Contested Energy Infrastructures

The first panel, chaired by Maria Buck (Innsbruck) and addressed by Martin Lengwiler (Basel), began with two presentations on inter- and transnational protests against nuclear energy. Johannes Müske (Freiburg) reconstructed the protests against the plans for a nuclear power plant in Whyl, in southeastern Germany—a central reference event for the emergence of the German anti-nuclear movement in the 1970s. He showed how citizens self-organized across the German–French border and developed technology assessments “from below.” Müske furthermore outlined how people in the region rediscovered their shared traditional heritage, such as the regional dialect or the memories of the Peasant’s War of the sixteenth century and creatively mobilized this “folk culture” in protest songs and campaign flyers.
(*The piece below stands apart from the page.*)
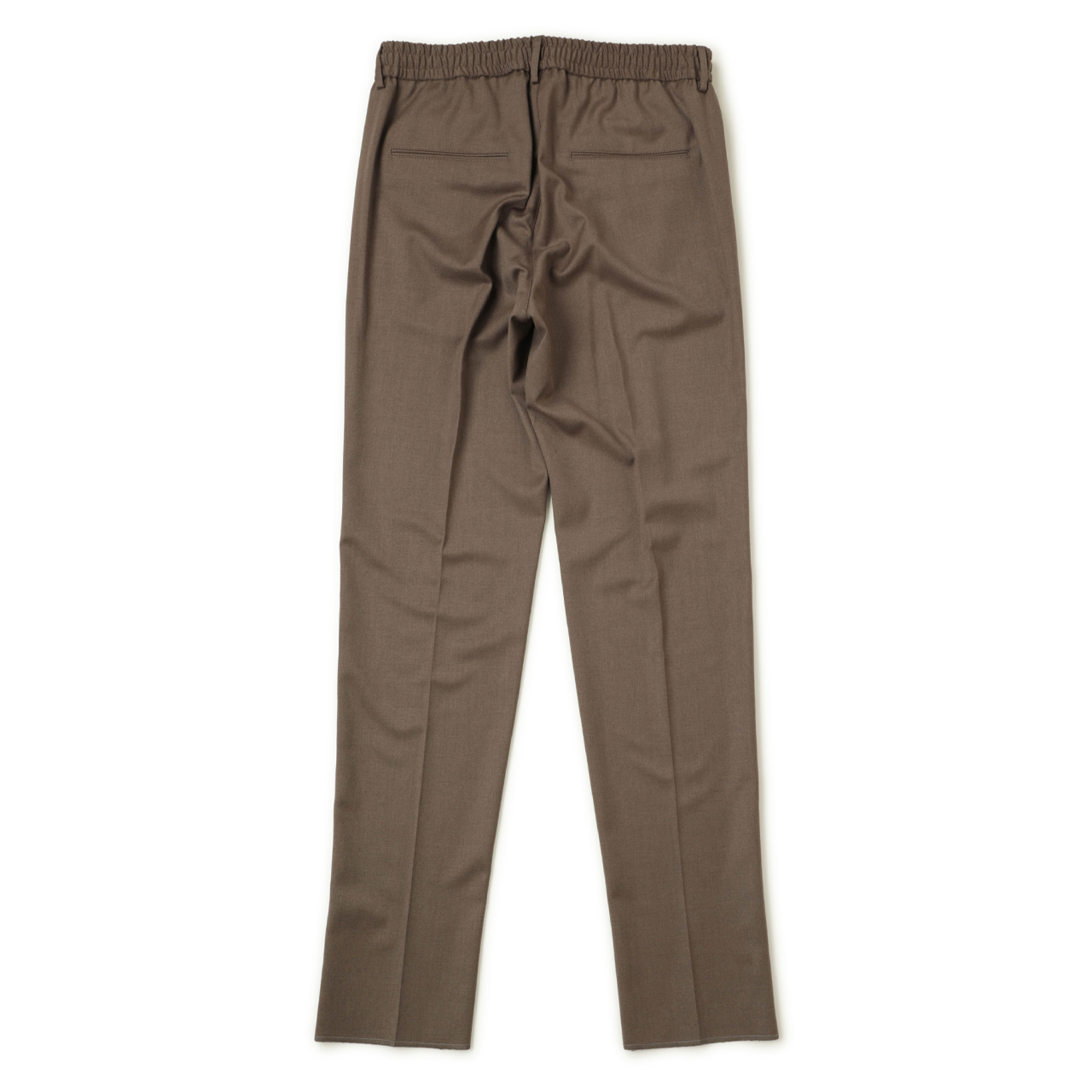 やや細めのラペル幅、アーム・ウエストのTAGLIATOREらしい絞り込み、テーパードの効いた美しいパンツシルエット。

Jaume Valentines-Álvarez (Lisbon) shifted the focus further to southwestern Europe and discussed different forms of anti-nuclear protest in the transition time from dictatorships to democracies in Portugal and Spain. He explored the circulation and appropriation of humor and pleasant forms of anti-nuclear resistance, reaching from collages to posters and cartoons, such as the famous Asterix comics, that were widely distributed among European anti-nuclear protesters, the New Left and counter culture in the 1970s and 80s. Irene Pallua (Innsbruck) concluded the panel with a talk on protests against district heating networks in Switzerland. Her case studies of a conventional heating plant in Aubrugg and the nuclear district heating project Transwal near Zurich, which mobilized differently structured protest groups but resulted both in referendums, reminded the workshop participants of how specific technologies, as well as specific national political systems, (co-)shape negotiation processes in Europe.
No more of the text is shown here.